En la segunda parte del libro, «El camino hacia delante», hablo de las innovaciones, las reformas, los inventos y la tecnología que impulsa la revolución del sueño. La gente demanda dormir más, y el mercado responde. Los hoteles transforman sus habitaciones en templos del sueño, los colegios cambian sus horarios para adecuarse a las necesidades de descanso de los adolescentes, y han aparecido un sinfín de artilugios tecnológicos para monitorizar el sueño, así como una amplia variedad de dispositivos inteligentes: desde colchones hasta auriculares.
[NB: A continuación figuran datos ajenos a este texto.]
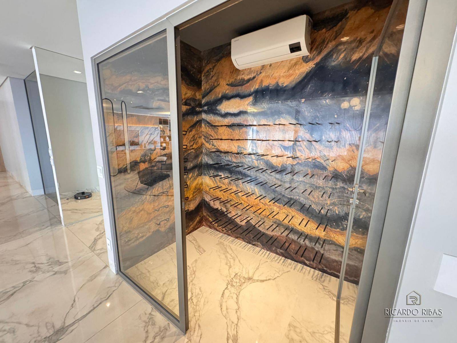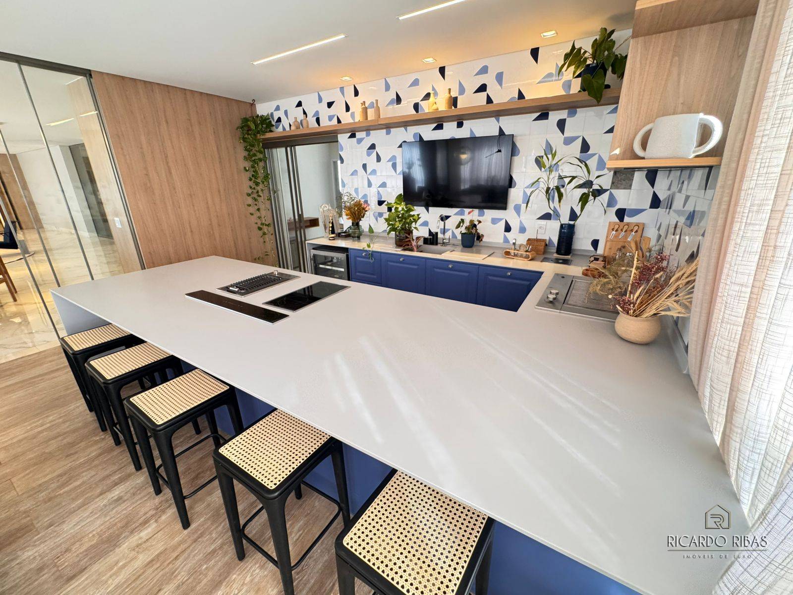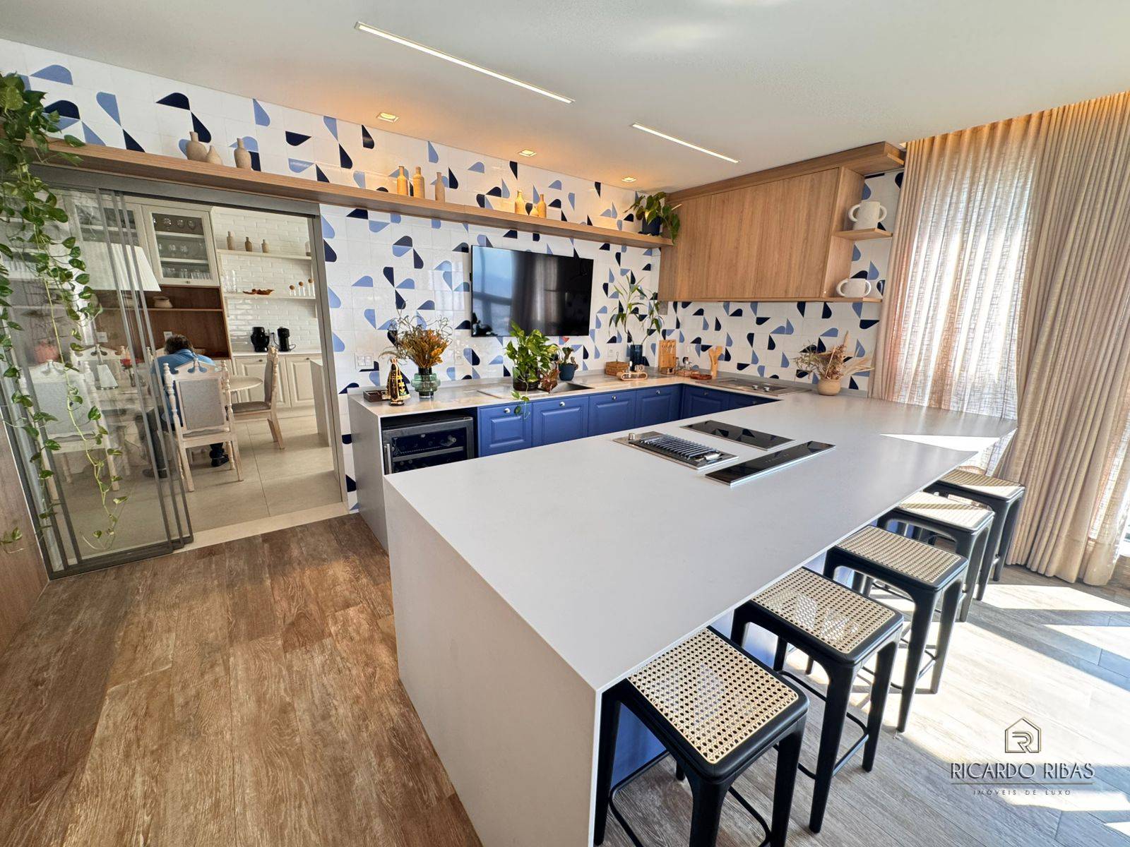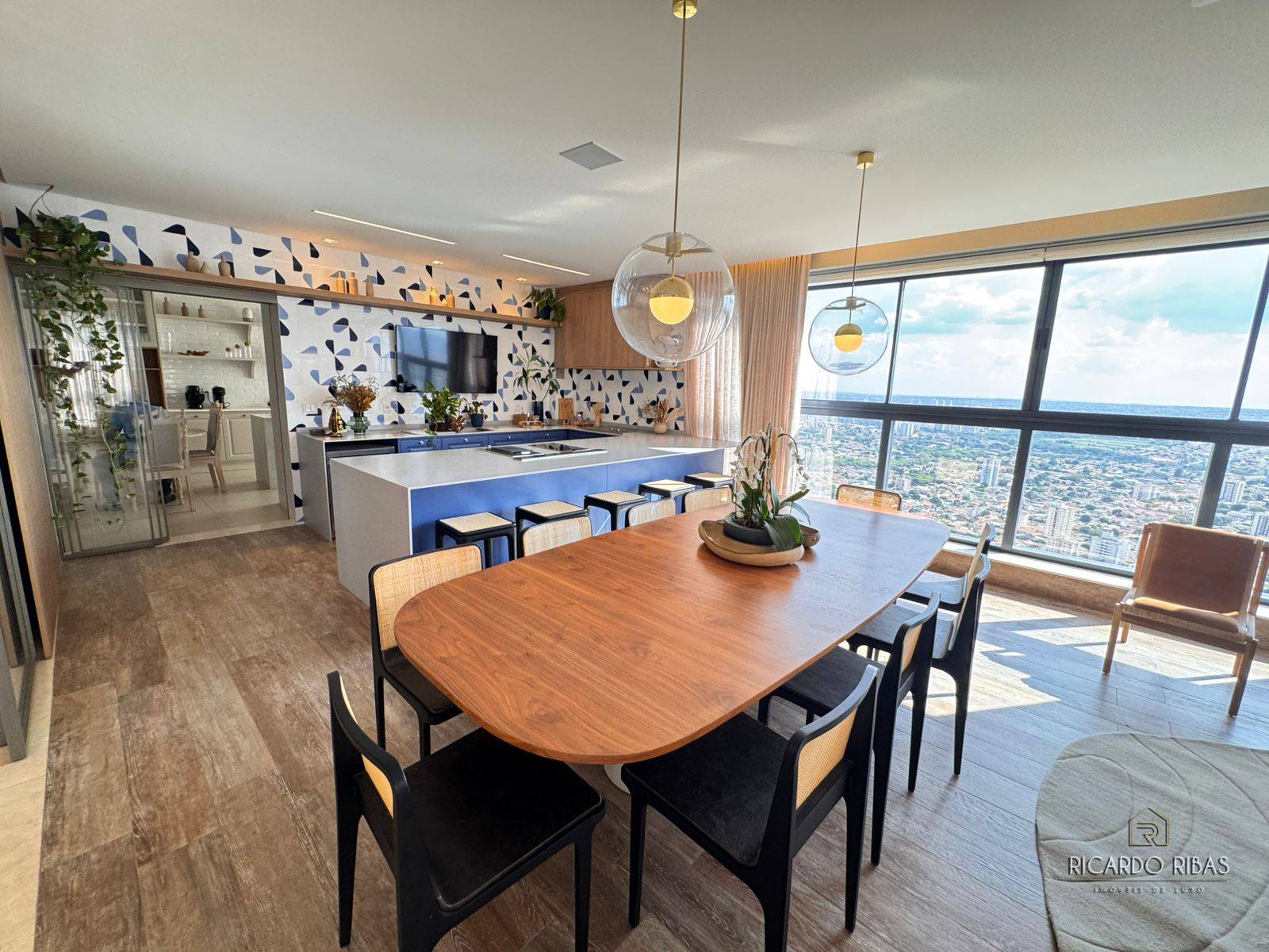 Ampla sala dividida em 3 ambientes, adega, espaço gourmet com churrasqueira a gás, fogão, tv e churrasqueira
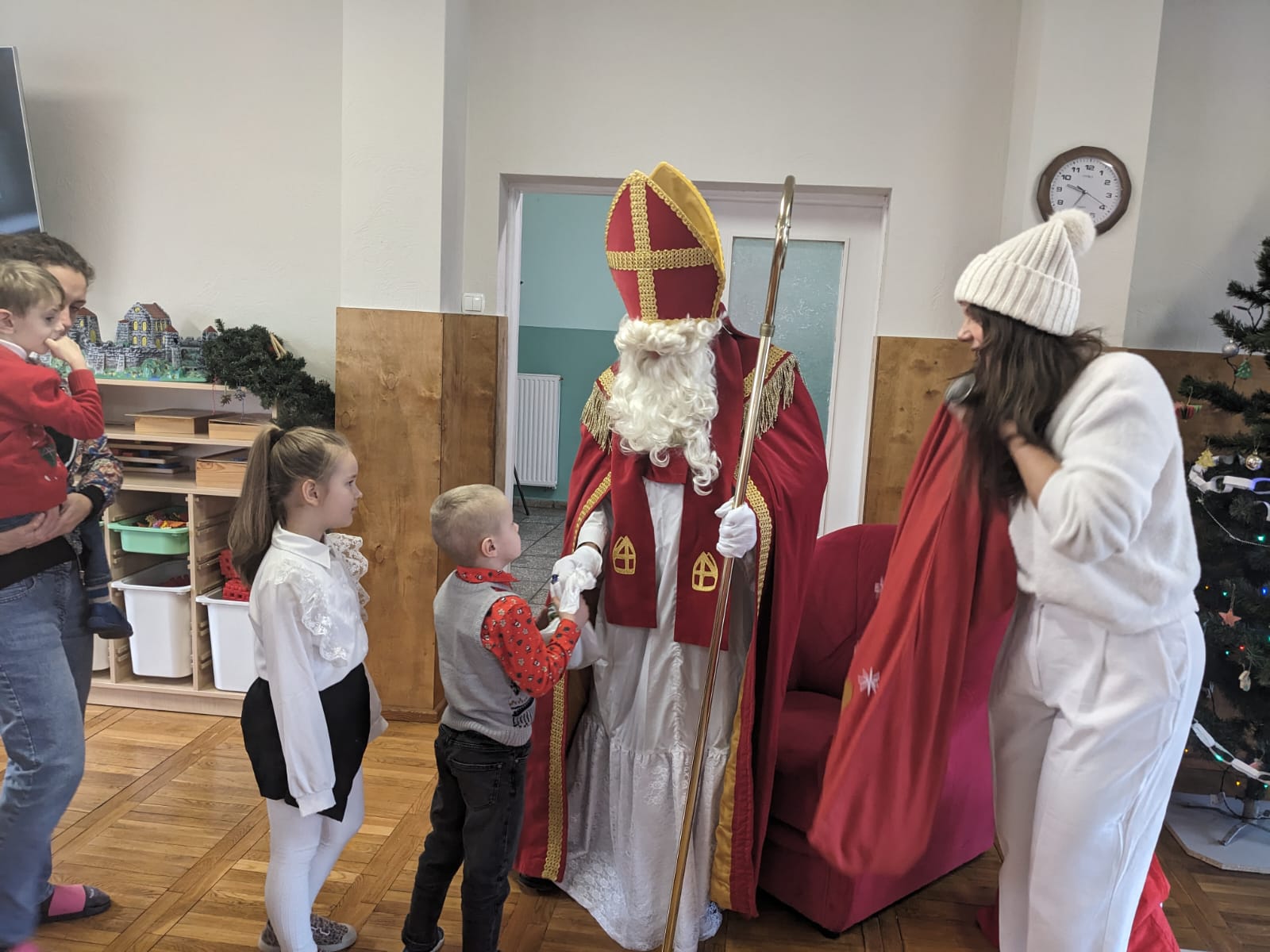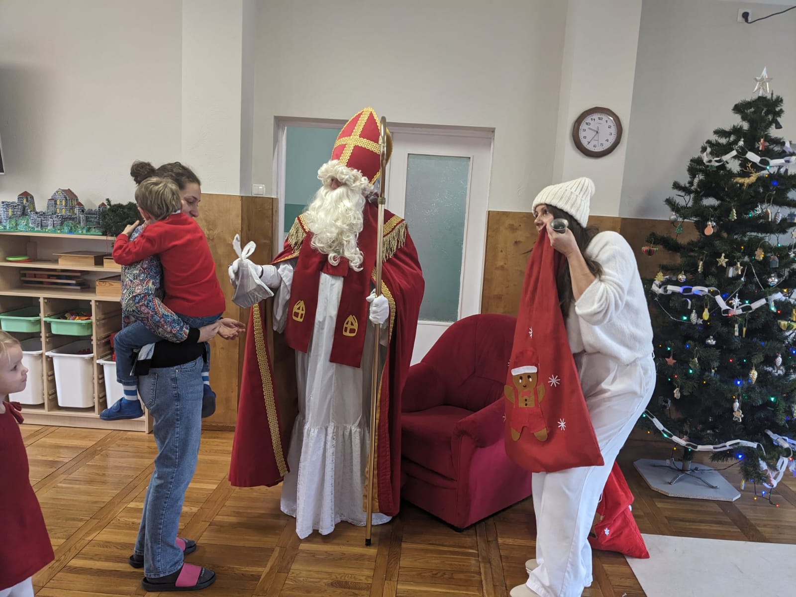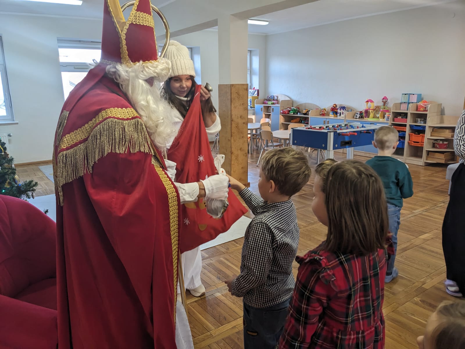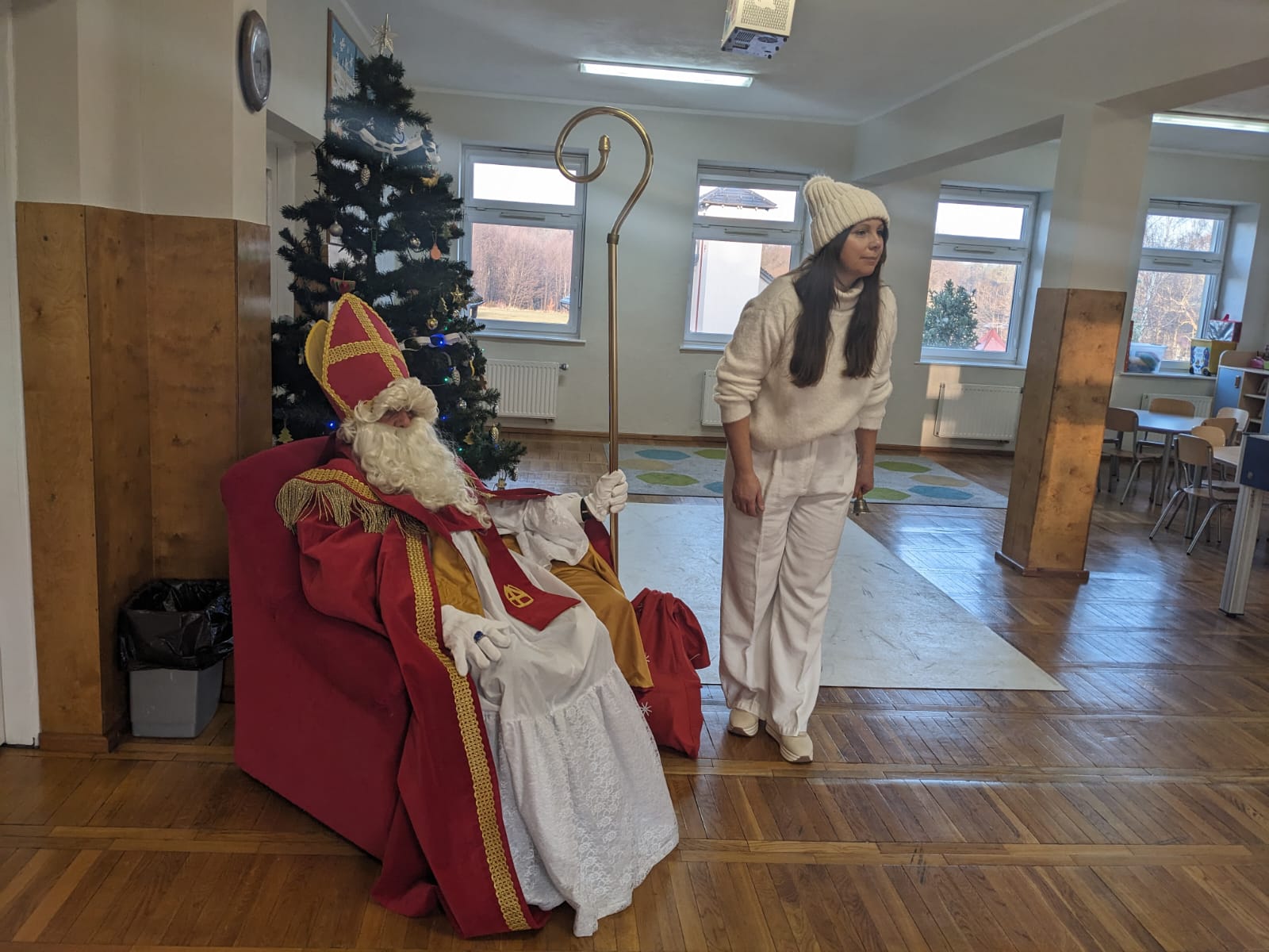 19 grudnia, tradycyjnie w szkole, w ostatni dzień przed przerwą świąteczną, organizowane są wigilie grupowe. Nasza Wigilia rozpoczęła się raczej nietypowo-my na początek mieliśmy odwiedziny niezwykłego gościa. Prosto z Laponii, z Rovaniemi, przyjechał do nas Św. Mikołaj. Powitaliśmy go świąteczną instrumentacją. On wręczył każdemu dziecku prezent, a w podziękowaniu „starszaki” zaśpiewały piosenkę pt. „Święta białe jak opłatek”, której tekst stanowią życzenia świąteczne.
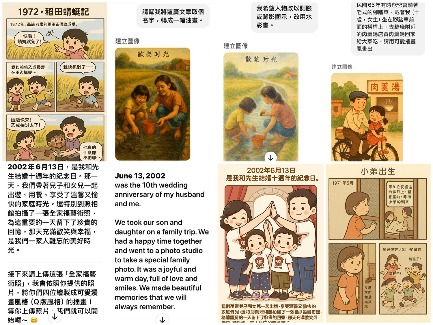 使用ChatGPT讓我最好奇、想嘗試的功能是,只要給個故事大綱,它將能變成一篇文章,還能按自己喜歡的方式來編輯圖片,製作過程很有趣。
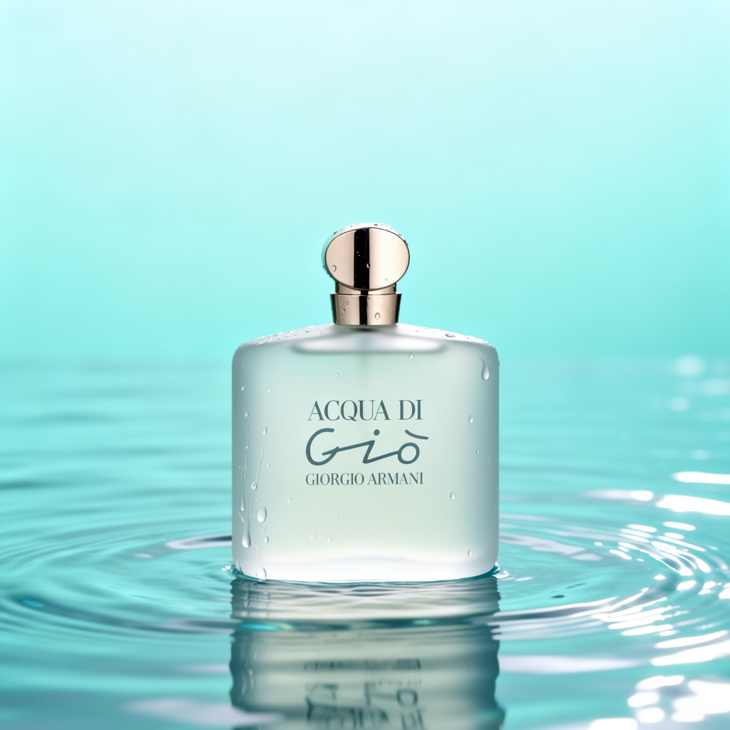 A high-quality sharp photograph featuring this wet perfume bottle centered in the composition, surrounded by a serene aquatic setting. The background is a soft gradient of light turquoise and aqua. The bottle is partially submerged, creating gentle ripples and reflections in the water.
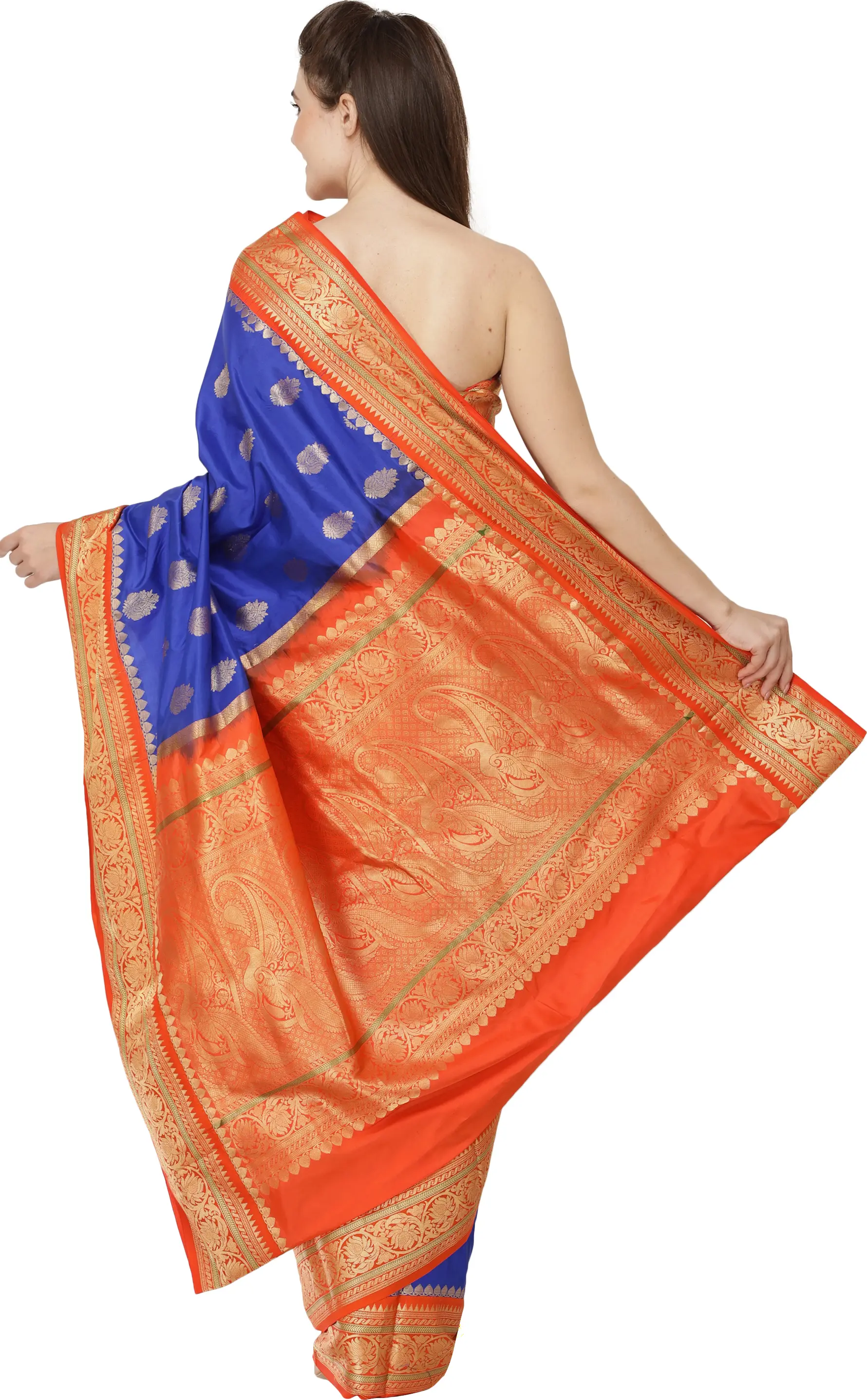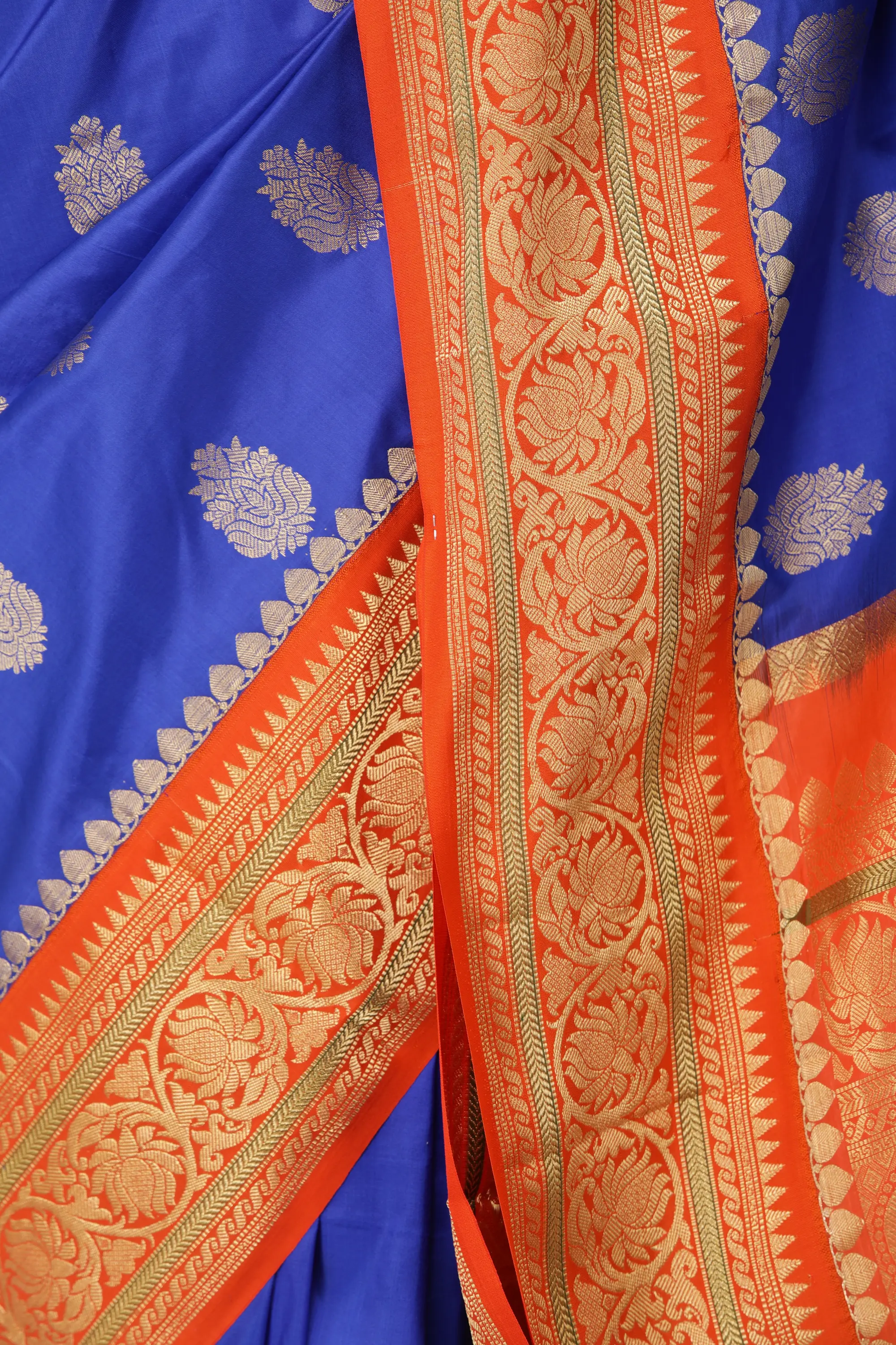 The body of the sari is elegantly scattered with delicate Zari-woven buttas, resembling stylized leaves or paisley shapes, adding a subtle shimmer and depth to the rich blue. The real grandeur, however, lies in the borders and pallu. A striking orange border, intricately woven with Zari, frames the sari, featuring a breathtaking display of lotus flowers and majestic peacocks. These motifs are rendered with meticulous detail in shimmering Zari threads, creating a visual spectacle that is both opulent and timeless. The contrast between the deep ultramarine and the vibrant orange creates a visually arresting appeal, making this sari a true showstopper.

Sin embargo, queda mucho por hacer. Como sostengo en la segunda parte, para resolver la crisis del sueño no solo debemos cambiar nuestros días y nuestras noches, sino reevaluar las prioridades y decidir qué nos parece más importante. Al fin y al cabo, el sueño es crucial para estar en forma. Cuando duermes bien te sientes mejor, y viceversa. Tal vez eres lo que comes, pero no hay duda de que también eres como duermes.
Estoy convencida de que este libro te llevará a conceder al sueño la importancia que tiene. Y tal vez incluso te enamores de él. Debes recuperar esta parte de tu vida, no solo porque dormir te permite hacer las cosas mejor cuando estás despierto (aunque eso es importante), ni porque sea bueno para la salud (aunque también debamos tenerlo en cuenta), sino porque te conecta con una parte más profunda de ti mismo. Durante el sueño, las cosas que te definen en la vigilia –el trabajo, la familia, tus esperanzas y tus temores– se difuminan. Así se hace posible uno de los efectos más beneficiosos (uno de los milagros, más bien) del sueño. Porque así regresamos a nuestra vida diurna recuperados, con una mirada fresca sobre el mundo y nuevos ánimos. Sueño y vigilia son dos hilos que tiran de nosotros en direcciones opuestas: uno nos lleva al mundo de la acción y los resultados, y el otro nos aparta de él para que nos restauremos. Puede parecer que son dos fuerzas que luchan entre sí, pero en realidad se refuerzan la una a la otra.
Confío en que este libro te lleve a establecer una nueva relación con el sueño, con todo su misterio y su plenitud, y que te unas a la revolución del sueño. Una revolución que, noche a noche, transformará nuestra vida y nuestro mundo.